1.2 Data Storage

Representing Text

Character Sets

Computers cannot store letters directly; they assign a unique binary number to every character. This collection of characters is called a Character Set.

  • ASCII: Uses 7 bits (128 characters) or 8 bits (Extended). Limited to English and basic symbols.
  • Unicode: Uses up to 32 bits. It covers all world languages, emojis, and symbols. It is backward compatible with ASCII.
Concept Diagram
Figure 1.2.1: Representing Text

Digital Images

Pixels and Resolution

A digital image is made of tiny dots called Pixels (Picture Elements).

  • Resolution: The number of pixels in the width and height of an image (e.g., 1920x1080).
  • Color Depth: The number of bits used to represent each color. 8-bit depth allows for 256 colors ($2^8$).

File Size = Resolution (W x H) x Color Depth

Concept Diagram
Figure 1.2.2: Digital Images

Digital Sound

Sampling

To store sound, an ADC (Analogue to Digital Converter) takes "snapshots" of the sound wave at set intervals. This is Sampling.

  • Sample Rate: Number of samples taken per second (Measured in Hz).
  • Sample Resolution: Number of bits per sample (also called bit depth).
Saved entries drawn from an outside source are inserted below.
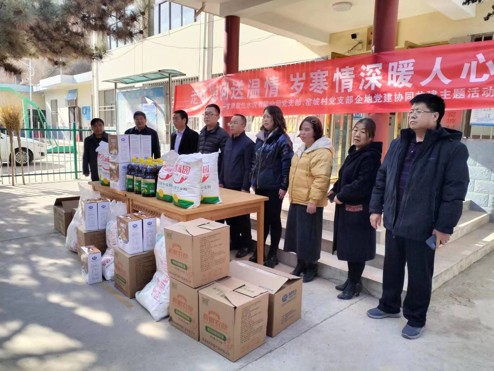 歲寒情更濃,牽掛暖人心。在春節(jié)來(lái)臨之際,甘肅京蘭水泥有限公司黨支部在企業(yè)所在地小康營(yíng)鄉(xiāng)、新?tīng)I(yíng)鎮(zhèn)、高崖鎮(zhèn)開(kāi)展了“送溫暖,獻(xiàn)愛(ài)心,企業(yè)在行動(dòng)”村企聯(lián)建活動(dòng),主要對(duì)涉企鄉(xiāng)鎮(zhèn)的老年人、困難家庭及罹患重病人員進(jìn)行了慰問(wèn)。此次活動(dòng)累計(jì)慰問(wèn)困難群眾122人(戶),發(fā)放面粉(10kg)122袋、食用油(5kg)122桶、純牛奶122箱、重病人員500元現(xiàn)金/人。
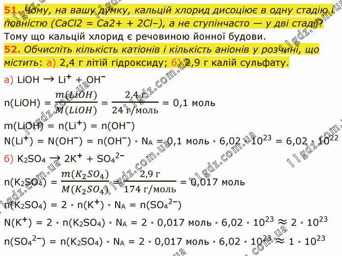 Чому, на вашу думку, кальцій хлорид дисоціює в одну стадію і повністю (CaCl2 = Ca2+ + 2Cl–), а не ступінчасто — у дві стадії? Тому що кальцій хлорид є речовиною йонної будови. 52. Обчисліть кількість катіонів і кількість аніонів у розчині, що містить: а) 2,4 г літій гідроксиду; б) 2,9 г калій сульфату. а) LіОН → Li+ + ОН– n(LiOH) = (m(LiOH))/(M(LiOH)) = (2,4 г)/(24 г/моль) = 0,1 моль m(LiОН) = n(Li+) = n(ОН–) N(Lі+) = N(ОН–) = n(ОН–) ∙ NА = 0,1 моль ∙ 6,02 ∙ 1023 = 6,02 ∙ 1022 б) K2SO4 → 2K+ + SO42– n(K2SO4) = (m(K_2 SO_4))/(M(K_2 SO_4)) = (2,9 г)/(174 г/моль) = 0,017 моль n(K2SO4) = 2 ∙ n(K+) ∙ NA = n(SO42–) N(K+) = 2 ∙ n(K2SO4) ∙ NA = 2 ∙ 0,017 моль ∙ 6,02 ∙ 1023 ≈ 2 ∙ 1023 n(SO42–) = n(K2SO4) ∙ NA = 2 ∙ 0,017 моль ∙ 6,02 ∙ 1023 ≈ 1 ∙ 1023
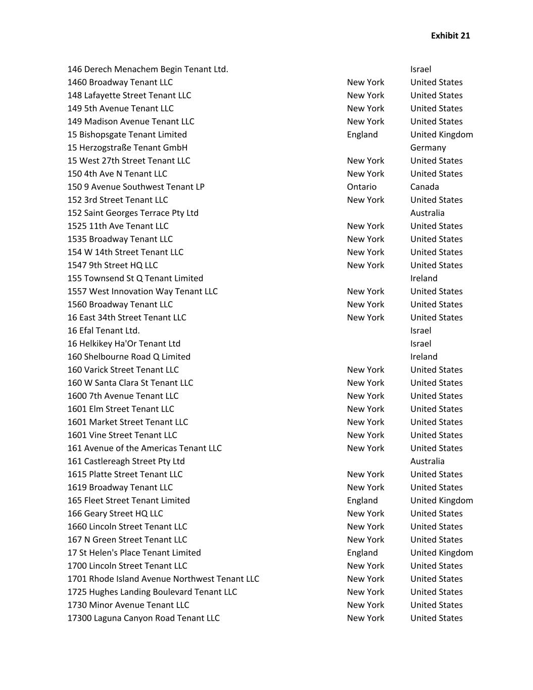 146 Derech Menachem Begin Tenant Ltd. Israel 1460 Broadway Tenant LLC New York United States 148 Lafayette Street Tenant LLC New York United States 149 5th Avenue Tenant LLC New York United States 149 Madison Avenue Tenant LLC New York United States 15 Bishopsgate Tenant Limited England United Kingdom 15 Herzogstraße Tenant GmbH Germany 15 West 27th Street Tenant LLC New York United States 150 4th Ave N Tenant LLC New York United States 150 9 Avenue Southwest Tenant LP Ontario Canada 152 3rd Street Tenant LLC New York United States 152 Saint Georges Terrace Pty Ltd Australia 1525 11th Ave Tenant LLC New York United States 1535 Broadway Tenant LLC New York United States 154 W 14th Street Tenant LLC New York United States 1547 9th Street HQ LLC New York United States 155 Townsend St Q Tenant Limited Ireland 1557 West Innovation Way Tenant LLC New York United States 1560 Broadway Tenant LLC New York United States 16 East 34th Street Tenant LLC New York United States 16 Efal Tenant Ltd. Israel 16 Helkikey Ha'Or Tenant Ltd Israel 160 Shelbourne Road Q Limited Ireland 160 Varick Street Tenant LLC New York United States 160 W Santa Clara St Tenant LLC New York United States 1600 7th Avenue Tenant LLC New York United States 1601 Elm Street Tenant LLC New York United States 1601 Market Street Tenant LLC New York United States 1601 Vine Street Tenant LLC New York United States 161 Avenue of the Americas Tenant LLC New York United States 161 Castlereagh Street Pty Ltd Australia 1615 Platte Street Tenant LLC New York United States 1619 Broadway Tenant LLC New York United States 165 Fleet Street Tenant Limited England United Kingdom 166 Geary Street HQ LLC New York United States 1660 Lincoln Street Tenant LLC New York United States 167 N Green Street Tenant LLC New York United States 17 St Helen's Place Tenant Limited England United Kingdom 1700 Lincoln Street Tenant LLC New York United States 1701 Rhode Island Avenue Northwest Tenant LLC New York United States 1725 Hughes Landing Boulevard Tenant LLC New York United States 1730 Minor Avenue Tenant LLC New York United States 17300 Laguna Canyon Road Tenant LLC New York United States Exhibit 21
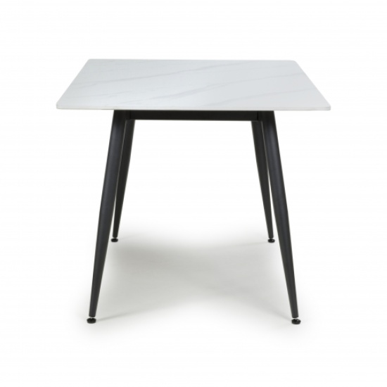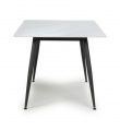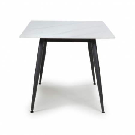 A classic square ceramic dining table in an attractive grey granite finish. The sturdy 10mm thick table top is set off by fashionable diagonal criss-cross chalk markings. The table is supported by 4 metal legs with adjustable feet. Assembly required. Sold individually.

File Size = Sample Rate x Resolution x Duration

Concept Diagram
Figure 1.2.3: Digital Sound

Data Compression

Lossy vs Lossless

Compression reduces file size for faster transmission and less storage space.

LossyLossless
Removes non-essential data permanently.Reduces size without losing any original data.
Used for: JPG, MP3, MP4.Used for: PNG, ZIP, Executable files.